# Problem to solve
From the records below, output exactly the lines starting at the line with "Alles in allem" and ending at the line with "lên mặt bàn.", both of them included, but no pictures.

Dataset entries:
------------

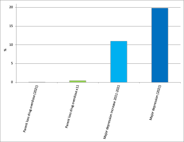 The Schluter paper estimated that about 100 children out of 100,000 lost a parent to a drug overdose in 2020. Using a different model, the Jones paper put the estimate at 63 children out of 100,000 in 2021. Both are less than .1% (1 out of 1,000) of children a year. Even if we assume that every child who loses a parent goes from not depressed to depressed and multiply the estimates over the 11 years of the increase in teen depression, the number of teens affected is still less than 1%. With teen depression rates rising from 8% in 2011 to 20% in 2021, the primary cause must be something impacting a much larger number of teens. The numbers aren’t even close (see Figure 1).
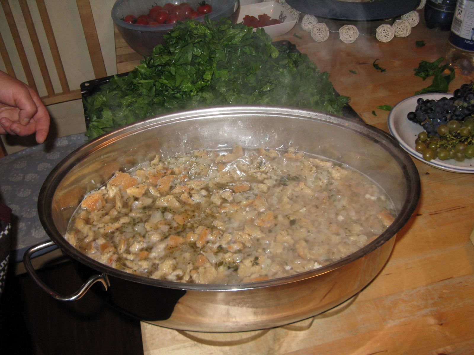 Alles in allem war all unser Kücheninventar im Einsatz, zudem wurden weitere Bräter und Töpfe von Keller herangeschafft… So viele aufwändige Gerichte zeitgleich, das hatte unsere Küche noch nie gesehen.
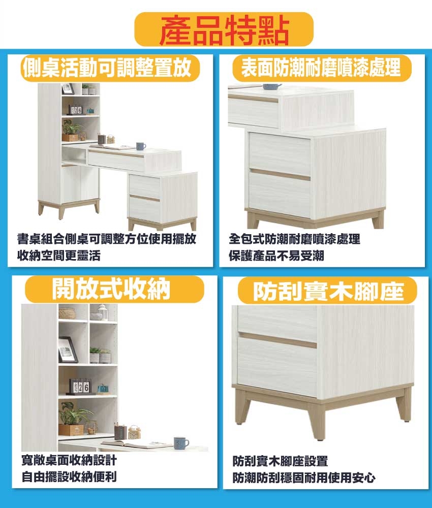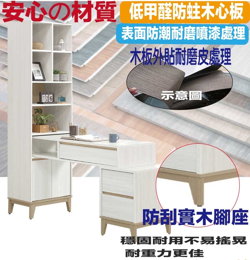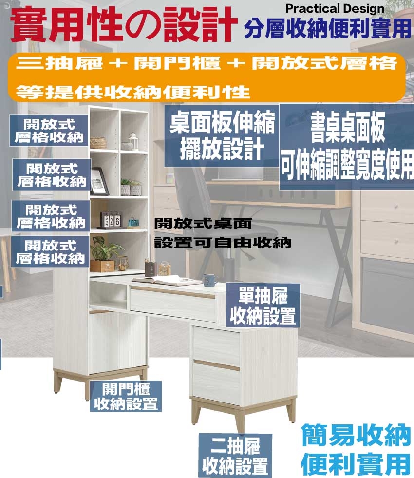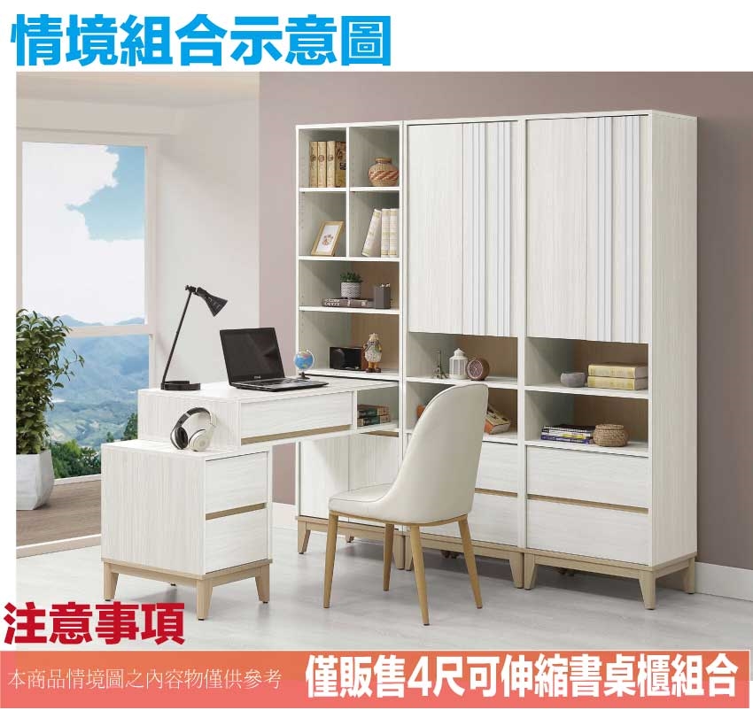 【綠家居】亞畢克4尺二門三抽書桌櫃組合(書桌面板可伸縮使用)       現代雙色系+安心材質製造,使用放心+搭配居家更便利,採用防蛀木心板+防刮實木腳座+五金滑軌結構+防夾手緩衝門片五金等安心材質製造 ,外層採用防潮耐磨噴漆處理搭配採用開門櫃+三抽屜+內&外開放層格等收納空間設計,全由專人配送到家,專業安心服務,替你省下更多時間!
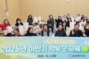불탑뉴스신문사 차복원 기자 | 울산 동구는 12월 4일 오후 2시부터 4시까지 동구 청소년 진로지원센터 3층에서 ‘2025년 하반기 학부모 교육 동행(동구와 행복한) 반상회’를 개최했다. ‘학부모 교육 동행 반상회’는 관내 초·중·고등학교 학부모 30여 명이 참석했으며, 학부모 대상 진로 체험과 구청장과의 대화로 나뉘어 진행됐다. 학부모들은 강사의 지도에 따라 ‘플라워 박스 만들기’ 체험을 하며 자녀의 진로 교육을 간접적으로 경험하는 시간을 가졌다. 이어 김종훈 동구청장과 함께하는 ‘구청장과의 대화’가 열려 구청장과 학부모들이 자유로운 분위기 속에서 지역 교육과 생활 전반에 대한 다양한 의견을 나눴다. 김종훈 동구청장은 “아이들의 성장과 행복을 위해 학부모님들의 목소리에 귀 기울일 수 있었던 뜻깊은 시간이었다”라며, “앞으로도 학교와 가정, 지역이 함께하는 교육 공동체를 만들어가겠다”라고 말했다.
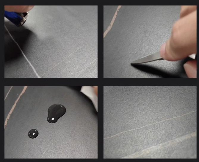 ▪️ Mặt đá nung cao cấp, mang đến độ bền vượt trội và khả năng chống ẩm mốc hoàn hảo. Mặt đá này còn có khả năng chịu lực và chịu nhiệt khá tốt, vì vậy bạn không cần lo lắng khi để đồ ăn nóng trực tiếp lên mặt bàn.
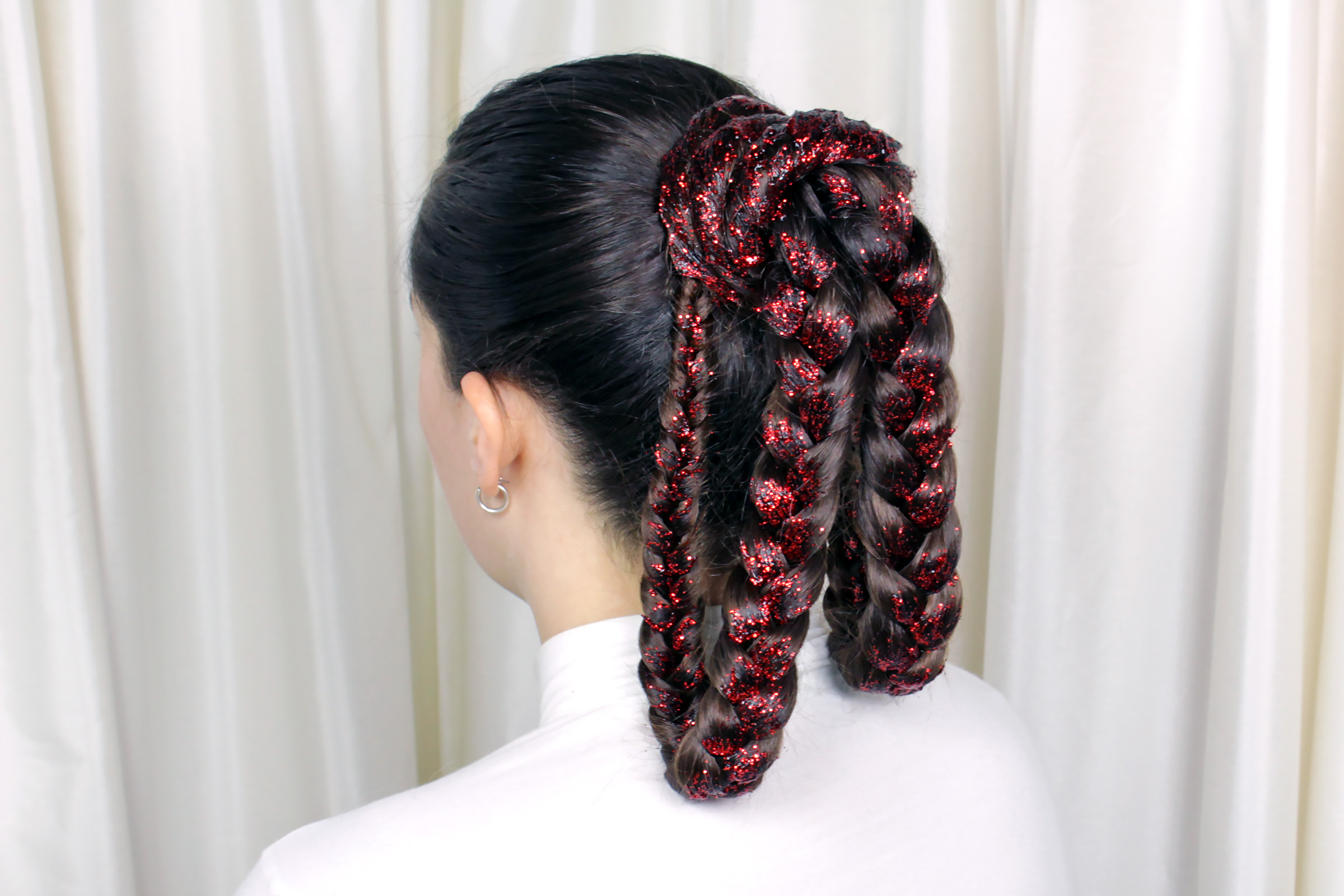 Next up – the glitter! I choose red glitter, as a reference to the outfit Lando gives Princess Leia to wear on Bespin. I used a small bottle of cheap craft glitter, and a small tub of clear hair gel. I put a small ‘glob’ of hair gel in a little bowl, and poured in the glitter while mixing the two together, until I had a good consistency – enough gel to get the glitter to stick to hair, but still enough glitter to really stand out. Using a soft makeup brush, I painted the hair gel/glitter mixture onto the braid, then applied the rest on the ponytail base.

------------

# Response to the exercise
 Alles in allem war all unser Kücheninventar im Einsatz, zudem wurden weitere Bräter und Töpfe von Keller herangeschafft… So viele aufwändige Gerichte zeitgleich, das hatte unsere Küche noch nie gesehen.
 【綠家居】亞畢克4尺二門三抽書桌櫃組合(書桌面板可伸縮使用)       現代雙色系+安心材質製造,使用放心+搭配居家更便利,採用防蛀木心板+防刮實木腳座+五金滑軌結構+防夾手緩衝門片五金等安心材質製造 ,外層採用防潮耐磨噴漆處理搭配採用開門櫃+三抽屜+內&外開放層格等收納空間設計,全由專人配送到家,專業安心服務,替你省下更多時間!
불탑뉴스신문사 차복원 기자 | 울산 동구는 12월 4일 오후 2시부터 4시까지 동구 청소년 진로지원센터 3층에서 ‘2025년 하반기 학부모 교육 동행(동구와 행복한) 반상회’를 개최했다. ‘학부모 교육 동행 반상회’는 관내 초·중·고등학교 학부모 30여 명이 참석했으며, 학부모 대상 진로 체험과 구청장과의 대화로 나뉘어 진행됐다. 학부모들은 강사의 지도에 따라 ‘플라워 박스 만들기’ 체험을 하며 자녀의 진로 교육을 간접적으로 경험하는 시간을 가졌다. 이어 김종훈 동구청장과 함께하는 ‘구청장과의 대화’가 열려 구청장과 학부모들이 자유로운 분위기 속에서 지역 교육과 생활 전반에 대한 다양한 의견을 나눴다. 김종훈 동구청장은 “아이들의 성장과 행복을 위해 학부모님들의 목소리에 귀 기울일 수 있었던 뜻깊은 시간이었다”라며, “앞으로도 학교와 가정, 지역이 함께하는 교육 공동체를 만들어가겠다”라고 말했다.
 ▪️ Mặt đá nung cao cấp, mang đến độ bền vượt trội và khả năng chống ẩm mốc hoàn hảo. Mặt đá này còn có khả năng chịu lực và chịu nhiệt khá tốt, vì vậy bạn không cần lo lắng khi để đồ ăn nóng trực tiếp lên mặt bàn.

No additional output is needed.